Comments on the manuscript:

- The references numbering in the manuscript starts from ref. 2 and is given before the fullstop. Ref 1 is given in the abstract.

- A XRCC1 should be given in a consistent manner as XRCC1 or Xrcc1 or Xrcc1 throughout the text.

- “^oC” is underlined and needs to be corrected to “^oC” throughout the text

- p.1, Line 9 “…. cytosine demethylation process” ….reference is missing.

- p.2, Line 3 from the end “CO2 incubator” 2, font needs to be changed (subscript)

- p.2, Line 1-2 from the end…..the names and the chemical structures are missing for 5C (D3897; Sigma), 5mC (PY 7635; B&A), 5hmC (PY 7588; B&A), 5fC (PY 7589; B&A); 5caC (PY 7593; B&A), CldU (Sigma, C6891), IdU (Sigma, I7125). 5C abbreviation needs to be corrected.

- it is frequently found the phase “of the drug”, “the drug”. A precise description is missing.

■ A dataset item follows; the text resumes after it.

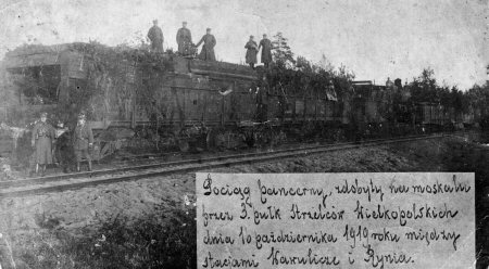 On 16 October, the 3rd Battalion of the 3rd Greater Poland Rifles Regiment (later 57th Infantry Regiment) and the 8th battery of the 3rd Field Artillery Regiment (later 14th Regiment), surprised the armoured train returning from a night shelling of Polish positions. The Poles set up an ambush near Plessy village and unscrew the tracks there. The fight took place between Vavulichy and Rynia stations (current villages of Dubovka and Kovali)[note 5]. The battle participant described: then to the right in the forest single shots can be heard, followed by a prolonged, dry machine gun bang... The sound of machine guns is getting closer, a thin smoke trail appears above the forest, and after a moment, green-gray body of the Bolshevik armoured train emerges from behind trees. According to an anonymous account, one cannon grenade exploded inside the machine gun wagon, killing the crew, and other grenade broke the steam engine boiler, after which the train was captured by Polish soldiers. The history of the 57th Regiment says: the enemy tried to defend himself, but under the pressure of delighted outposts, which sprang up and ran to the train, slipping on the snow, part of enemies gave up, and part escaped to the nearby forest, where they were caught by neighboring companies... After some time almost all battalion gathered and moved the train some 3 kilometres back. Polish losses are not precisely known, but apparently they were insignificant. It may be noted, that erroneous dates September 16 or November 16 are also encountered.

p.3 in “2.3 Chromosome aberrations assay”, line 2, “One and a half hour before” should be changed to “1.5h”. Time should be given in a consistent manner throughout the text.

p.3 “2.4. DNA fiber technique” line 7 “mix”….. typo should be corrected to “mixed”

p.4 “3. Results”, line 4…. should be rephrased to avoid using the word “upon” twice

p.5 line 5 “cytosine or 5fC exposure”….was cytosine used instead of dC?

p.5 line 3 from the end “we examine if 5hmC cause” should be changed to “we examined if 5hmC caused”

p.6 line 1 “published results”…. reference is missing.

p.6 line 22 “could be at least in part be explained by” needs rephrasing

p.6 line 27 “can be taken by cells” should be corrected to “can be taken up by cells”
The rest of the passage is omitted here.